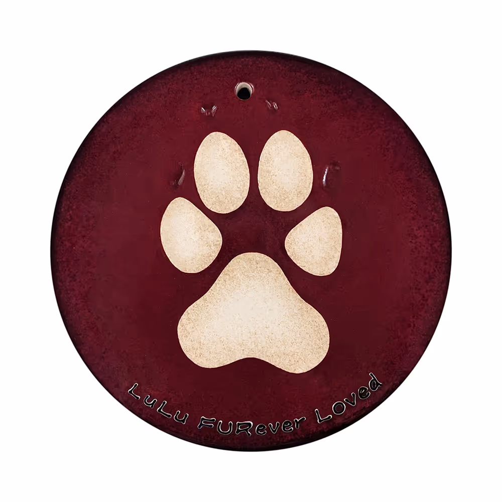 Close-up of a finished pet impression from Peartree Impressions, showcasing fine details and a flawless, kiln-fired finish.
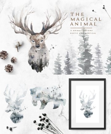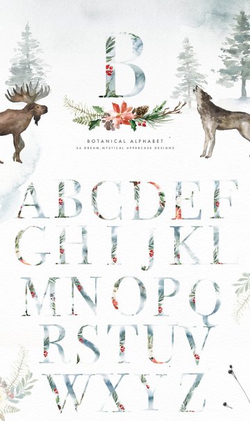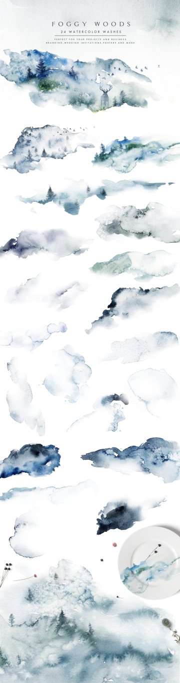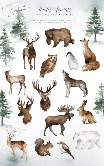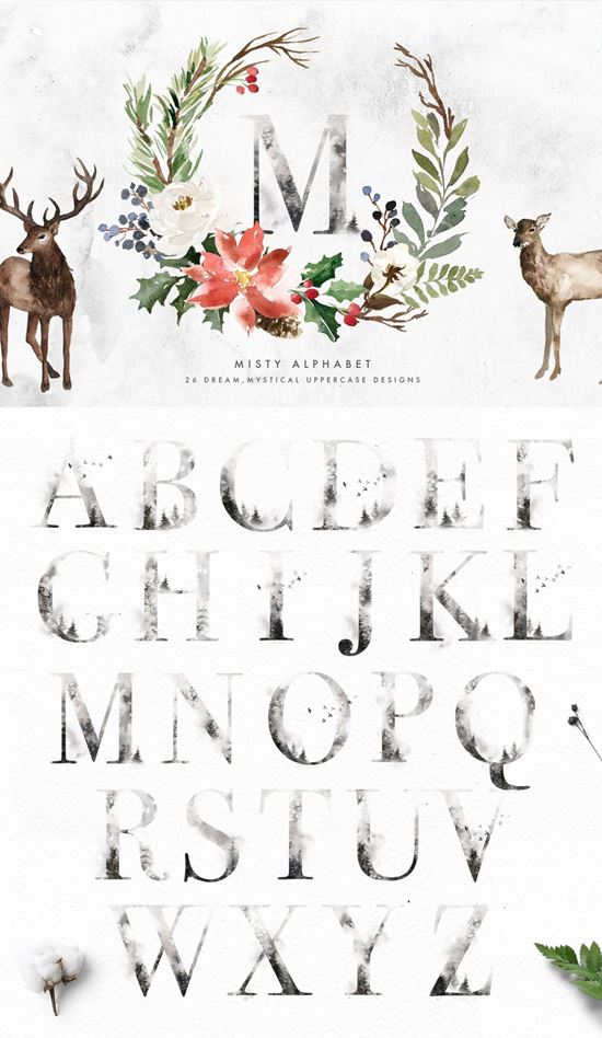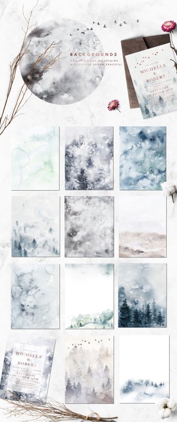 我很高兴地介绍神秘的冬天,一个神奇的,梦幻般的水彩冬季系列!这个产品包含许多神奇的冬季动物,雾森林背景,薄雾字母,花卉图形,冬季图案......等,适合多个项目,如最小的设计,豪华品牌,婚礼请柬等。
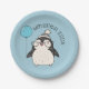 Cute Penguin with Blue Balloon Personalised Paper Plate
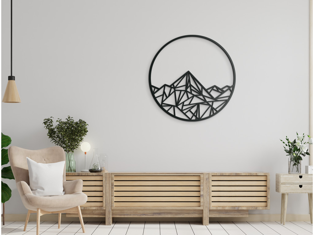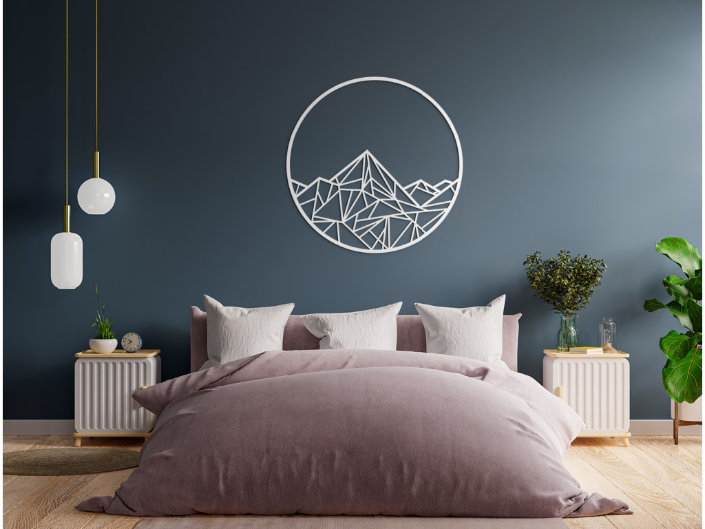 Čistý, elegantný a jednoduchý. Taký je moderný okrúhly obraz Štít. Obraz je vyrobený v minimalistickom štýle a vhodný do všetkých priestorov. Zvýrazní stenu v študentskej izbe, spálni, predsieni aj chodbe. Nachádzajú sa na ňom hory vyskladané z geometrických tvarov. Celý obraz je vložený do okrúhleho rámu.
____________
■ Work item ■
Beginning at the line that contains "我很高兴地介绍神秘的冬天,一" and ending at the last line of the data, return each line exactly; no picture belongs in the copy.

■ Exercise answer ■
 我很高兴地介绍神秘的冬天,一个神奇的,梦幻般的水彩冬季系列!这个产品包含许多神奇的冬季动物,雾森林背景,薄雾字母,花卉图形,冬季图案......等,适合多个项目,如最小的设计,豪华品牌,婚礼请柬等。
 Cute Penguin with Blue Balloon Personalised Paper Plate
 Čistý, elegantný a jednoduchý. Taký je moderný okrúhly obraz Štít. Obraz je vyrobený v minimalistickom štýle a vhodný do všetkých priestorov. Zvýrazní stenu v študentskej izbe, spálni, predsieni aj chodbe. Nachádzajú sa na ňom hory vyskladané z geometrických tvarov. Celý obraz je vložený do okrúhleho rámu.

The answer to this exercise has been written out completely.